Essential Practice Guidelines in Primary Care (Current by Neil S. (Ed.) Skolnik, Neil S. Skolnik

By Neil S. (Ed.) Skolnik, Neil S. Skolnik

This new quantity within the present scientific perform™ sequence places crucial evidence-based, nationally famous medical guidance jointly in a single position. hence, busy clinicians can visit one resource whilst, within the care of a sufferer, a query arises that's top replied by means of an present medical instruction. one of the subject matters coated during this quantity are hyperlipidemia, administration of newly clinically determined atrial traumatic inflammation, antithrombotic remedy for venous thromboembolic ailment and atrial traumatic inflammation, and prevention of bacterial endocarditis. The e-book information remedy for bronchial asthma and infectious ailments starting from pneumonia to tuberculosis to diarrhea. the quantity additionally includes chapters on endocrinology, gynecology, neurology, and psychiatry.

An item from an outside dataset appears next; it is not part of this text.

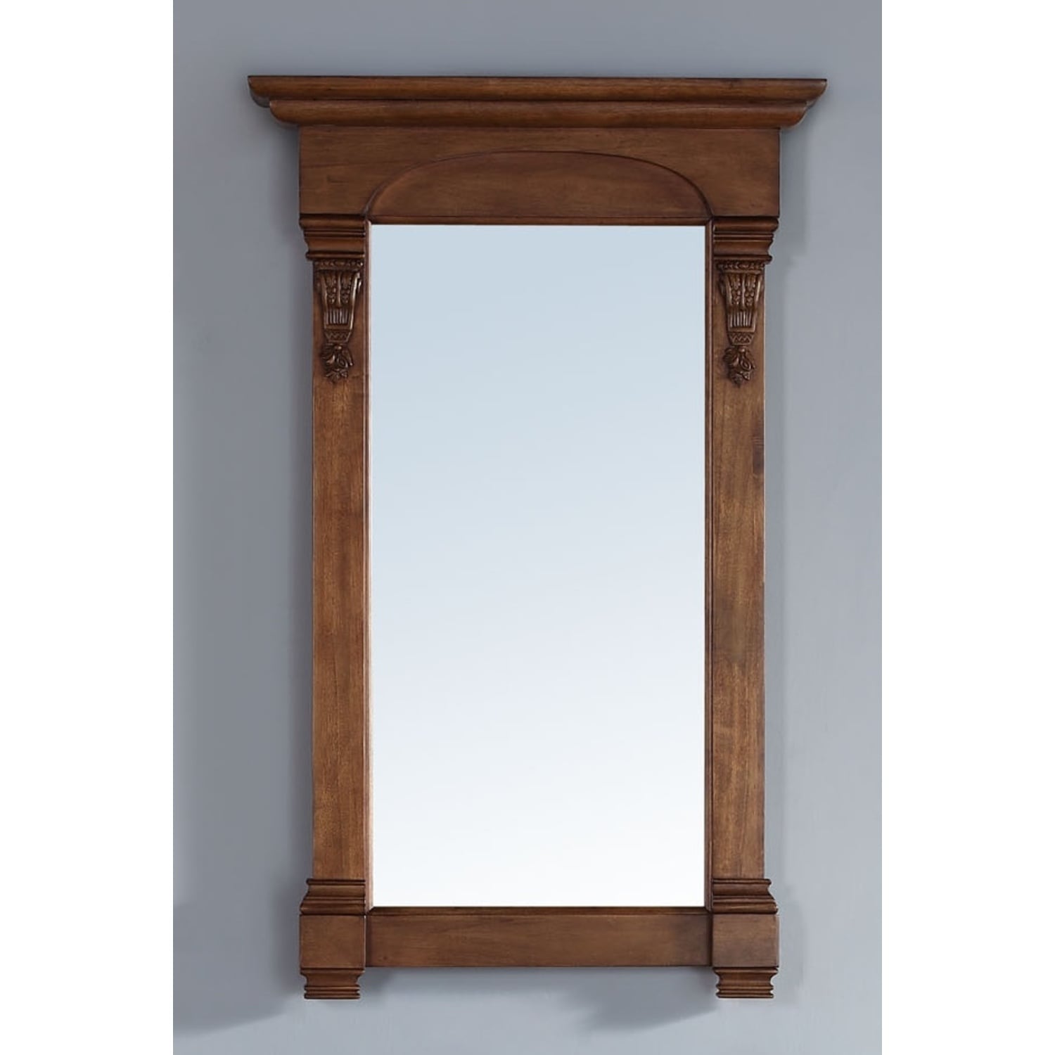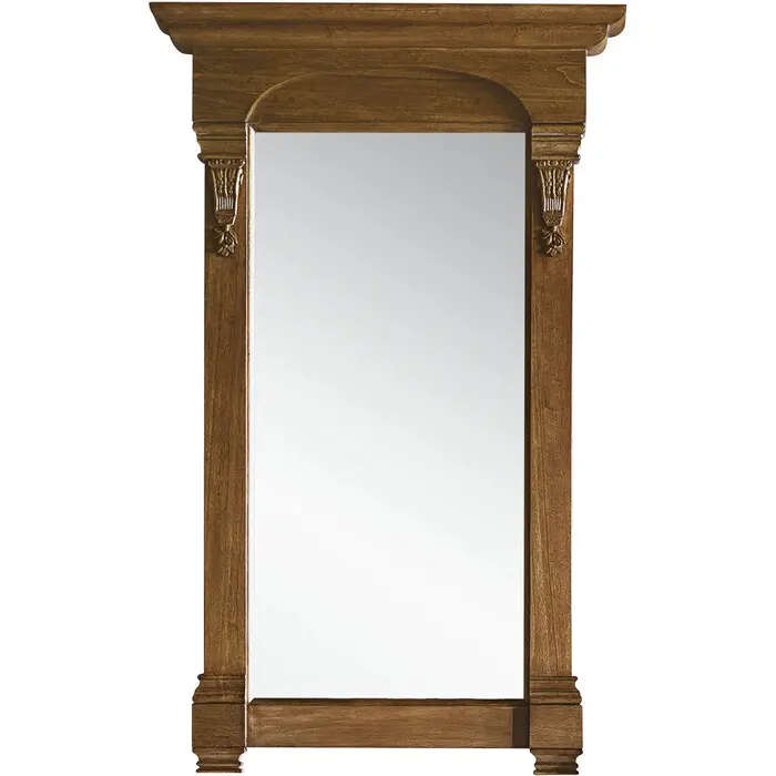 The Brookfield 26" Country Oak Mirror by James Martin Vanities is the perfect meeting of modern and traditional styles. Hand carved accenting filigrees showcase superior craftsmanship while clean lines make this mirror a piece that will compliment any room.26" Country Oak mirror is finished inside and out with a premium undercoat finish for superior moisture and UV resistance3mm glass thicknessWood Species: Poplar solidsPremium quality recessed keyhole style brackets for hangingThe Brookfield Collection by James Martin Vanities features hand carved accenting filigrees and raised panel doors. Various storage options including doors opening to shelves for storage and drawers. This collection is offered in a variety of finish colors. Each cabinet is configured to work with our variety of 3cm countertops. The look is completed with Antique Brass finish door and drawer pulls. A matching decorative wood backsplash is included with each cabinet.1 year warranty against manufacturer's defects. We will repair or replace any defective product, if the product is defective in material or workmanship at our discretion. No warranty is expressed or implied regarding damages resulting from consumer misuse.

With the busy clinician in brain, crucial perform directions in basic Care has been constituted of its starting place to have a better half PDA source, with summaries of the information during this e-book and extra summaries of guidance no longer incorporated within the publication. (The PDA model of crucial perform instructions in fundamental Care is out there from the writer, ISBN 1-934115-47-9.) jointly, those complimentary textbooks, in print and digital structure, should still facilitate the implementation of nationally well-known scientific instructions.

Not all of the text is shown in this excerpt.